Measuring aHRT is a clinical necessity in the evaluation of overhead throwing athletes. Previously established methods to measure aHRT include CT, palpation of the humeral tubercles, clinical prediction models, and MSK-US. Each method has its advantages and limitations. CT scans are considered the gold standard for measurement accuracy, but they are limited in clinical applicability and entail costs and radiation exposure to the patient.^3,23,46

Previous studies have investigated a clinical method for measuring aHRT by palpation of the humeral tubercles.¹¹ An advantage of this method is cost-effectiveness, because it requires minimal instrumentation. However, this method relies on the palpation of bicipital tuberosities and has resulted in significantly underestimated aHRT values compared with other methods.⁵⁶ When investigating an asymptomatic population, the palpation method for quantifying aHRT demonstrates good intrarater reliability of aHRT (ICC = 0.849).⁴⁵ However, there are concerns with the validity of palpation when compared with other previously established methods, such as diagnostic ultrasound, yielding low agreement between the methods (r≤ 0.326).⁴⁵ Another cost-effective method of quantifying aHRT is through a clinical prediction model.⁶ This aHRT prediction model demonstrated acceptable accuracy in estimating aHRT from a series of predictors and can be used in conjunction with a standard clinical examination to estimate aHRT.⁶ However, this model included only professional baseball pitchers, making its applicability to other age ranges, levels of play, and positions unknown. As previous research has demonstrated a strong correlation between aHRT values obtained through CT scans and MSK-US,³⁶ it is not unreasonable to assume that, given the results of the present study, HH-US is a viable, time-effective alternative to quantitatively measure aHRT. In addition to being time-efficient, when the cost of the HH-US unit is compared with the MSK-US unit, the HH-US is approximately 4.5 to 9.7 times more cost-effective. Additionally, the average time to take bilateral aHRT measurements in this study was <2 minutes, demonstrating the time efficiency of this device in addition to the reliability and validity.

The presence of rHRT is well documented in baseball players.

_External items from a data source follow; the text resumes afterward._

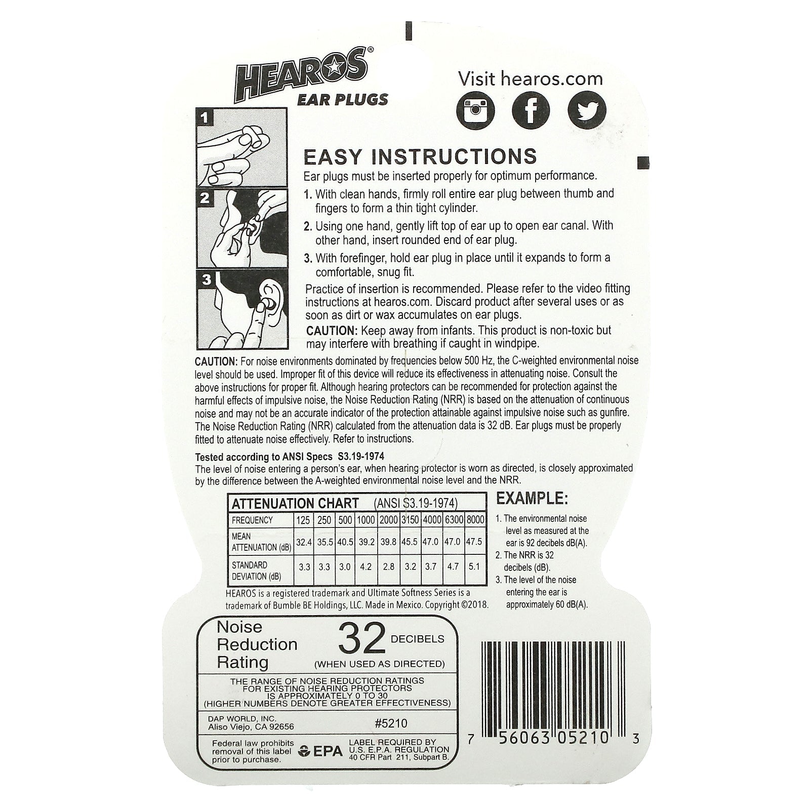 Ultimate Softness Series™ NRR 32 Tested according to ANSI Specs S3.19-1974 The level of noise entering a person's ear, when hearing protector is worn as directed, is closely approximated by the difference between the A-weighted environmental noise level
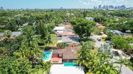 This beautiful home is located in Poinsettia Heights area of Ft Lauderdale. Enjoy the views of the large tropical backyard pool area. This three bedroom, two bath home has marble floors, renovated kitchen and baths with step- in showers. Bedrooms all have access doors to the yard. Yard has wood covered deck for out door living. The garage has been converted into third bedroom. Pool is heated.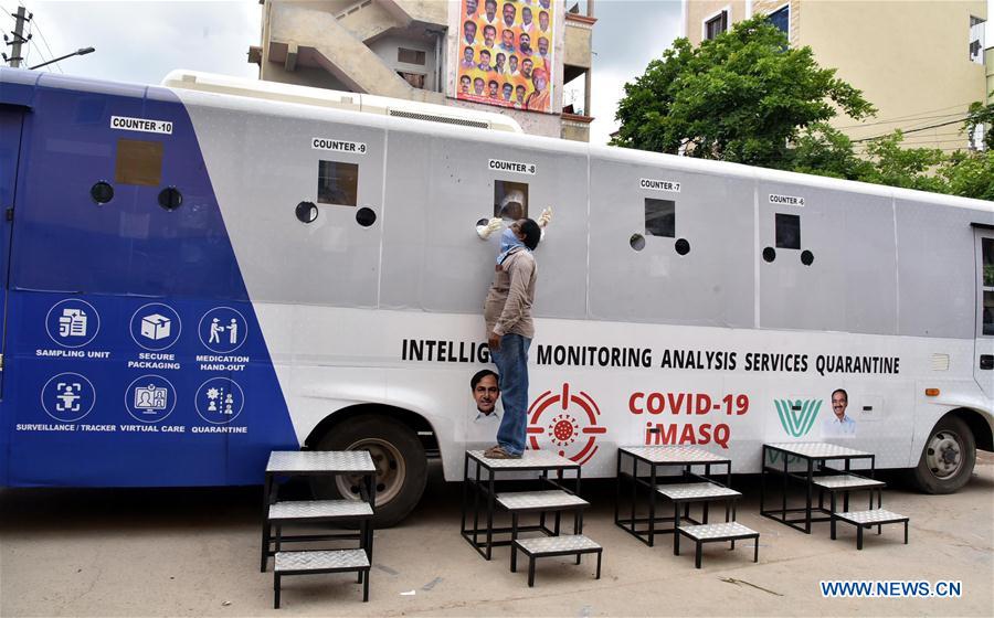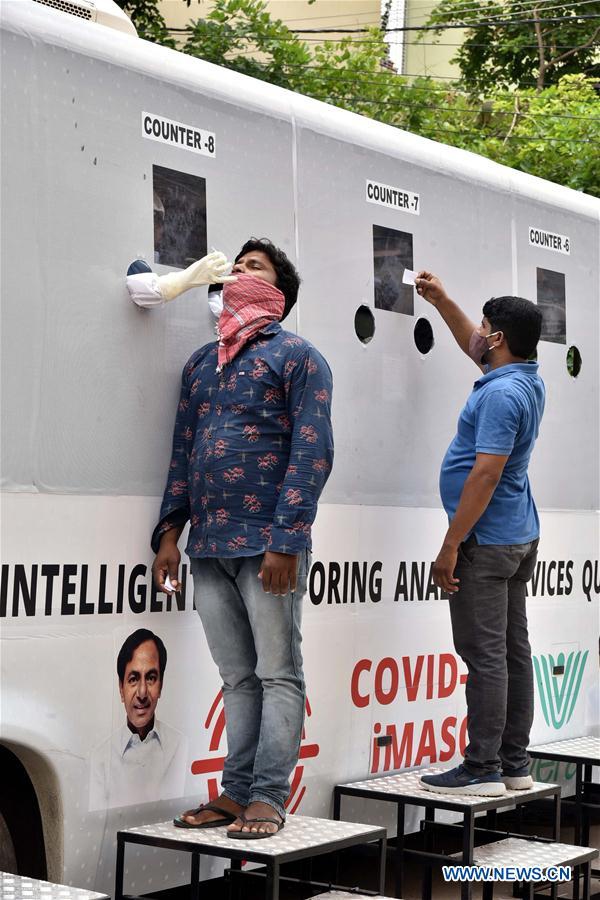 People have tests at a COVID-19 mobile testing facility in Hyderabad, India, on July 31, 2020. India recorded the highest ever single-day spike with 55,078 fresh COVID-19 cases, taking the total tally to 1,638,870, according to the federal health ministry. (Str/Xinhua)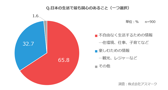 また、当社が実施した在留外国人を対象としたアンケートによると、日本の生活において最も関心のあることは、住環境や仕事・転職・子育て等「不自由なく生活するための情報」が65.8%を占め、観光・レジャーといった「楽しむための情報(32.7%)」よりも関心が高いことがわかります。(調査実施:2021年3月30日~4月5日)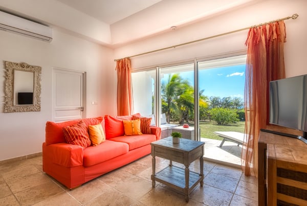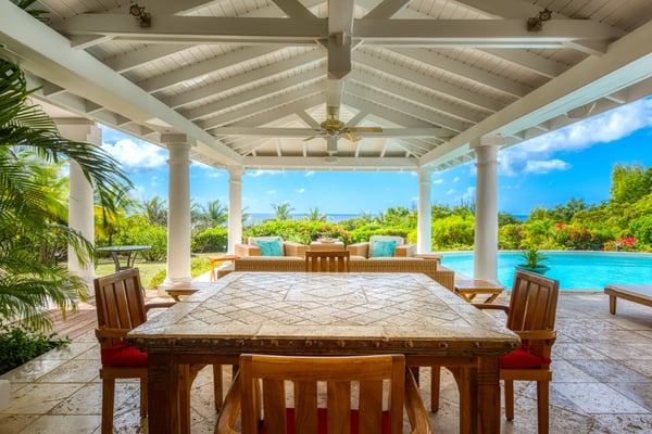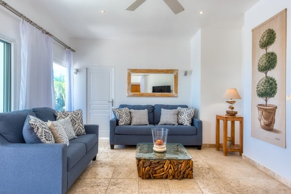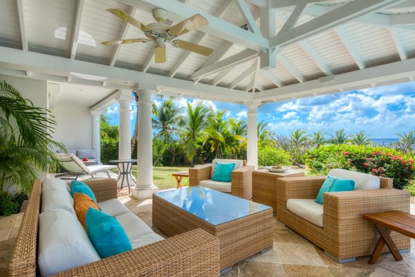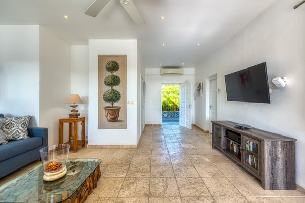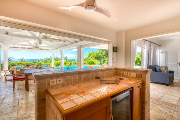 This very pretty villa is private and cozy yet light and airy. The charming courtyard entrance sets the stage for a stunning view that captures your eye the moment you enter the villa. Beautiful tropical trees and colorful shrubs frame the panoramic sapphire sea. From morning to sunset, it is mesmerizing and very romantic. French for honeymoon, Lune de Miel is a perfect place for couples seeking a quiet retreat or good friends on a getaway. Every room has expansive windows that take advantage of the amazing outdoor spaces and views. The interior-to-exterior flow is seamless, visually connected by beautiful travertine floors. The open-plan great room is a comfortable contemporary space that mixes modern style with traditional touches. Soft browns, taupe, and pops of papaya orange are accented with driftwood, teak, painted surfaces, and tile tops. The interior breezes are complemented by overhead fans. The charming, well-equipped kitchen in soft stone tiles, painted teak, and soft corals opens to the living space and the outdoors. Eat at the kitchen counter or on the outdoor covered loggia off the pool. Spacious outdoor terraces feature a lounging area with oversized weather-resistant wicker sofas and comfortable al fresco dining areas. Contemporary chaises, surrounding the stunning tiled pool, face the sea and gardens. Two large bedrooms feel very private; one connected directly to the interior and one set off the terrace. Both have fabulous sea views and spa-style travertine and teak bathrooms; one with a private outdoor shower and one that opens to the sea view. The bedroom off the living space is a serene oasis in cream and brown, accented with touches of blue. Just off the pool, you can take a morning dip straight from your room. Set off the terrace, the second bedroom, with sea and garden views, has a semi-private sitting area. A poster bed and comfortable interior seating area have a romantic, contemporary feel in soft creams, browns, and deep oranges. The Lowlands are the location of some spectacular beaches: Baie Longue and Baie aux Prunes (Long Beach and Plum Beach) are secluded, have public parking, but no services. Neither beach is ever crowded. Baie Rouge is set amongst some dramatic red cliffs. The elegant homes in Terres Basses are sitting on generous lots, most of them with gorgeous views of either the Lagoon or the ocean, or both. By car it's about 10 minutes away from Marigot, and 15 minutes away from the Airport.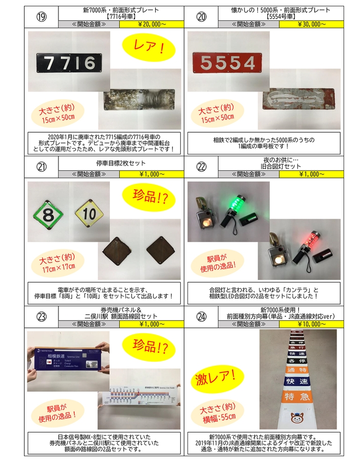 当日は、大和駅長と駅係員がオークションのオークショニア(司会)を務め、運転士や車掌などを経験した駅係員が、実物や写真などで商品を紹介します。今回の商品は、大和管区にゆかりのある駅名標や廃車となった電車の部品など、普段ではなかなか手に入らない鉄道用品全30点をご用意。ご参加の皆さまには、オンライン会議システム「Zoom」のチャット機能を使用し、入札していただきます。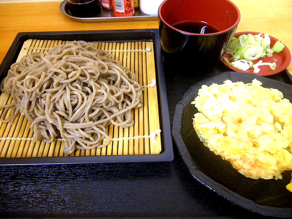 もりそば(360円)+甘えびのかき揚げ(130円)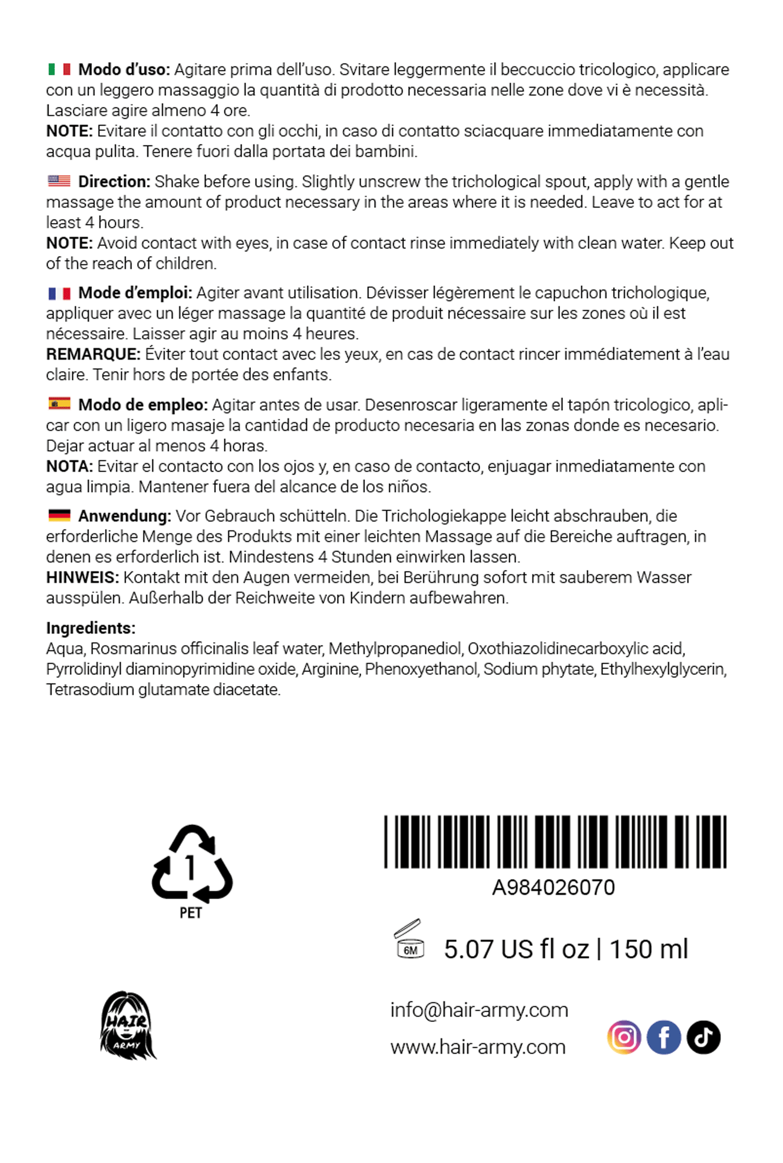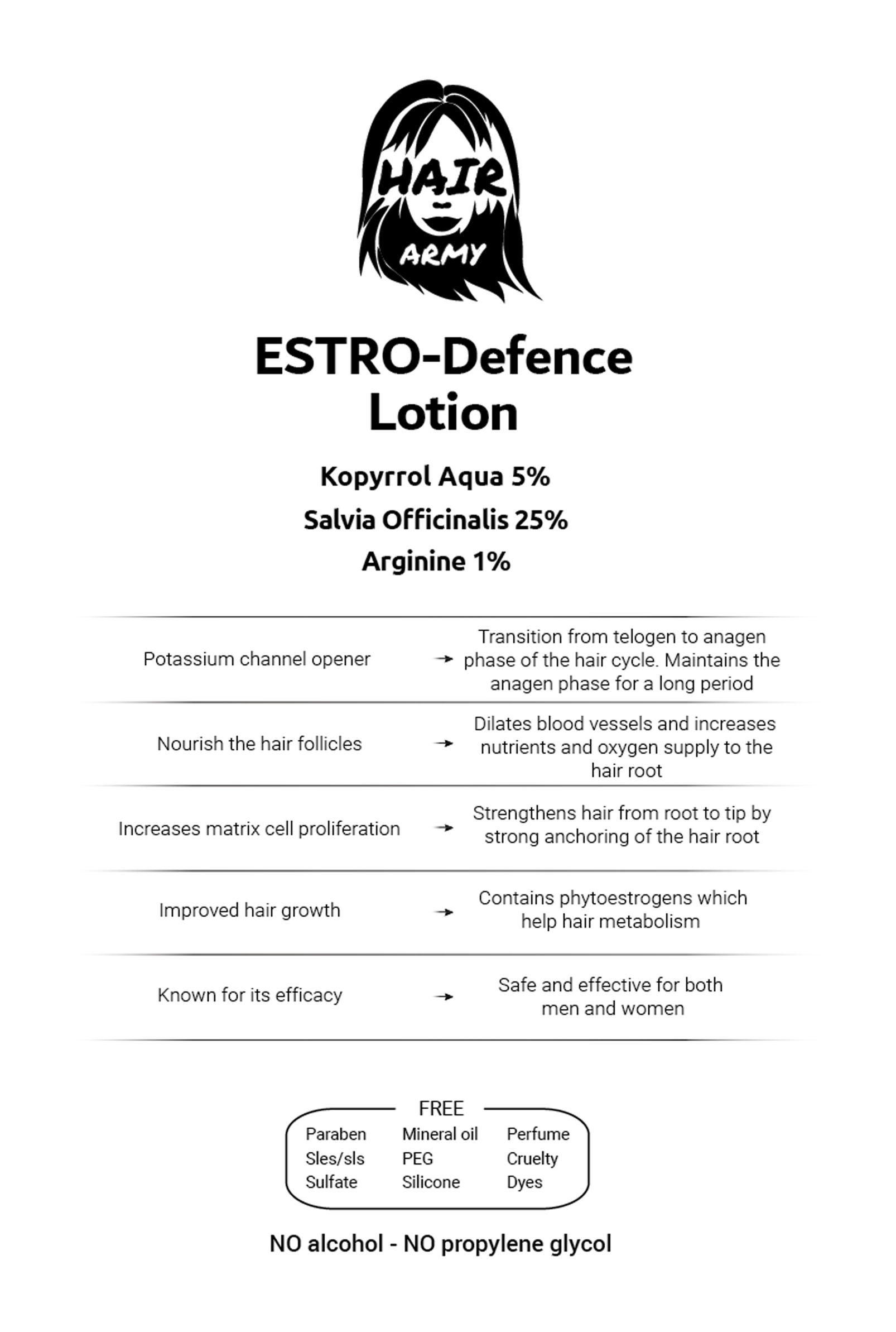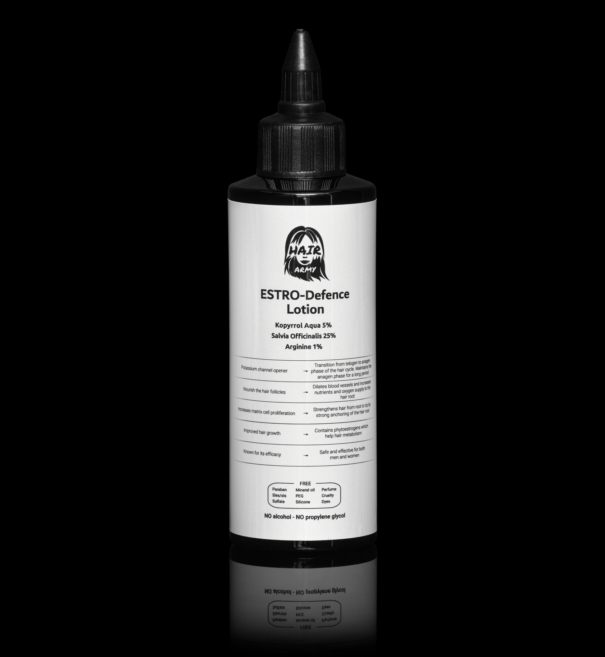 - Lotion gegen Haarausfall basierend auf KOPYRROL AQUA®, SALVIA OFFICINALIS und ARGININ.

Overhead throwing athletes typically demonstrate greater aHRT on the throwing arm as compared with the nonthrowing arm, resulting in a mean difference ranging from 9° to 23°.^10,22,54 In the authors’ clinical experience, rHRT can reach up to 30°. This rHRT has been previously investigated in its relationship to glenohumeral ROM in overhead throwing athletes, a commonly cited risk factor for injury.⁵ As HRT has been shown to explain a portion of the variance in measures of glenohumeral rotational ROM,²² it is imperative to understand the effects that rHRT has on glenohumeral rotational profiles. More specifically, significant differences between clinically measured glenohumeral ROM and HRT-corrected ROM have been clearly delineated in a large cohort of injured baseball athletes.¹⁶ The results demonstrated a paradoxical shift in the interpretation of common findings in injured baseball athletes, with 172 baseball players demonstrating an average GER ROM deficit of −10° to −13°, with no observed GIR deficit (or GIRD) when accounting for rHRT.¹⁶ These findings, alongside other studies including similar results in healthy baseball athletes,^37,41 highlight the importance of accurately measuring aHRT in a comprehensive clinical examination in an overhead throwing athlete.

A Clinical Example

To further demonstrate the relationship between rHRT and the clinical interpretation of glenohumeral ROM, we present a relevant clinical example. Table 3 displays bilateral rotational ROM, bilateral HRT, and the calculated side-to-side differences between the dominant and nondominant arms.

Table 3

Clinically Measured Objective Data^a

Measure	Dominant Arm	Nondominant Arm	Difference (D – ND)
GER, deg	110	105	+5
GIR, deg	15	35	−20
TROM, deg	125	140	−15
HRT, deg	5	25	−20

D, dominant; GER, glenohumeral external rotation; GIR, glenohumeral internal rotation; HRT, humeral retrotorsion; ND, nondominant; TROM, total rotational range of motion.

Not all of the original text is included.